Please keep in mind that I am by no mean a Unicode expert, and this summary is what I gather by reading the ICU and other projects documentation and discussions archives. Experiments still have to be done. However I rather prefer to discuss the options prior to go wild with an implementation (huge task, even for basic features coverage).
If one of the following statement is wrong or not accurate, please fix it. I will keep a dedicated wiki page to summarize the discussions and options about unicode support.
ICU
U_CHARSET_IS_UTF8 allows to force ICU to use UTF-8 by default. It is a ICU compile time setting.It is is not possible to set it at PHP configure time. It means that users will have to create their own build. Alternatively we can bundle ICU but this will be awkward, a maintenance nightmare for both php and the distros.
Alternatively UText can be used to create UTF-8 string. APIs accepting UText allow almost everything we need. However the counterpart is that a UTF-8 UText is readonly. Any operation altering its content will require duplication, clones or conversions. That may kill all gains we got from using UTF-8 only.
The U_CHARSET_IS_UTF8 is very appealing but to bundle ICU is actually show stopper. Asking users to custom build ICU is not an option either. I do not know if the distros will be ready to provide two different builds of ICU either, it may add a lot of issues with all projects using ICU.
I have asked the ICU mailing list about this flag, here is an interesting first answer:
http://sourceforge.net/p/icu/mailman/message/32031609/
It sounds like this flag may be very useful for php after all.

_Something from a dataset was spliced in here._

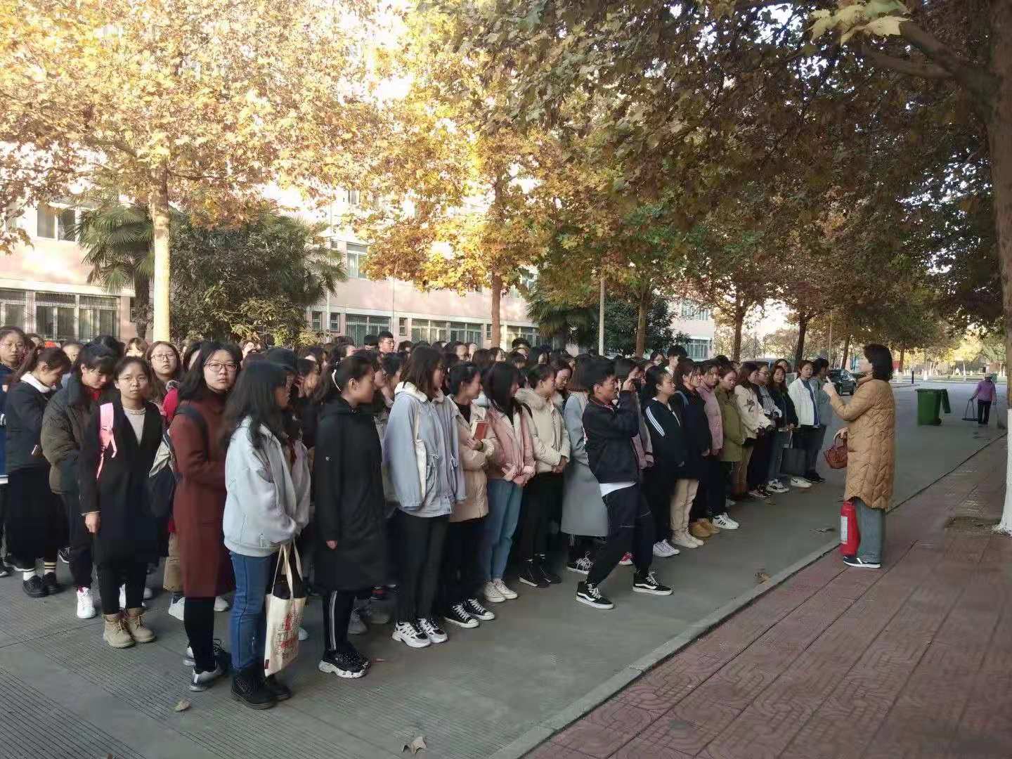 11月19日,外国语学院在学生公寓十号楼举行消防灭火及应急疏散演练。演练开始前,院党总支书记孙勇民强调了此次活动的重要性,要求同学们面对火灾时做到不慌、不乱、有条不紊,在日常学习和生活中严格遵守本校规定,杜绝不安全事件发生。随后,保卫处王能辉、张峰两位老师就消防安全隐患、火灾报警、逃生基本知识、灭火器使用方法四个方面作了详细讲解,指导同学们进行逃生演练并示范灭火器的使用方法。20日,在立心楼408教室分别组织观看了消防安全警示片。影片从火灾数据报告、典型案例回顾、火灾事故教训三个方面入手,展示了火灾的引发因素、逃生误区和严重后果,对增强同学们的火灾防范意识具有促进作用。23日,外国语学院院长王卫强带领办公室人员对所有办公场所、实验室和教室中的安全隐患逐一排查,并认真听取了关于冬季防范火灾方面的工作汇报。在检查中,他强调各办公室要采取有效措施加强用电安全管理,积极联系相关部门对已过期的灭火器进行更换或加压,切实消除安全隐患。
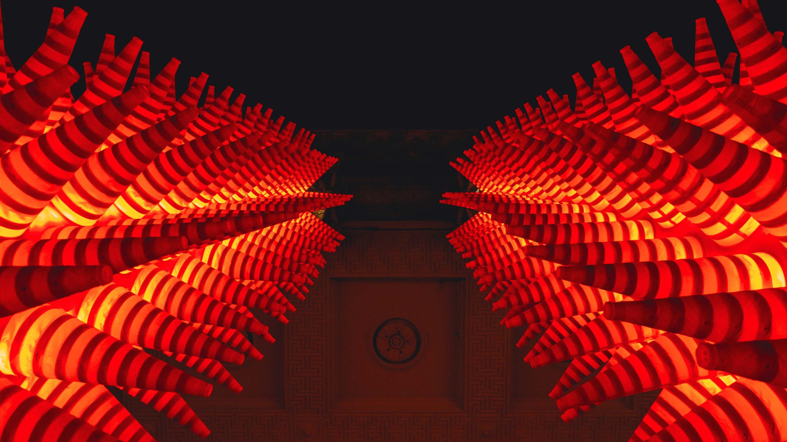 L’opera presentata a Gand si chiama Cones ed è composta appunto da centinaia di coni arancioni che avvolgono completamente le otto colonne della facciata dell’Università. Disposti in questo modo quasi non sembrano più dei coni stradali ma, in effetti, lo sono, quindi sono fatti di un materiale che di notte reagisce alla luce, proiettando un allegro bagliore arancione sull’area circostante.

Performance comparison using UTF-8 or UTF-16 with ICU:
UTF8proc
utf8proc is very attractive, small and relatively fast. I see it as a good starting point. However its features cover a very little part of what PHP needs.It is easy to bundle but will require a fork and a lot of work to add all missing features.
librope
Same comments than utf8proc, with even less features.
I would like to begin to discuss our option now already. I am not asking to get in all implementation details from a userland point of view (like u“some text” or addng new APIs or not) but only to see what we can do internally to work with UTF-8 string.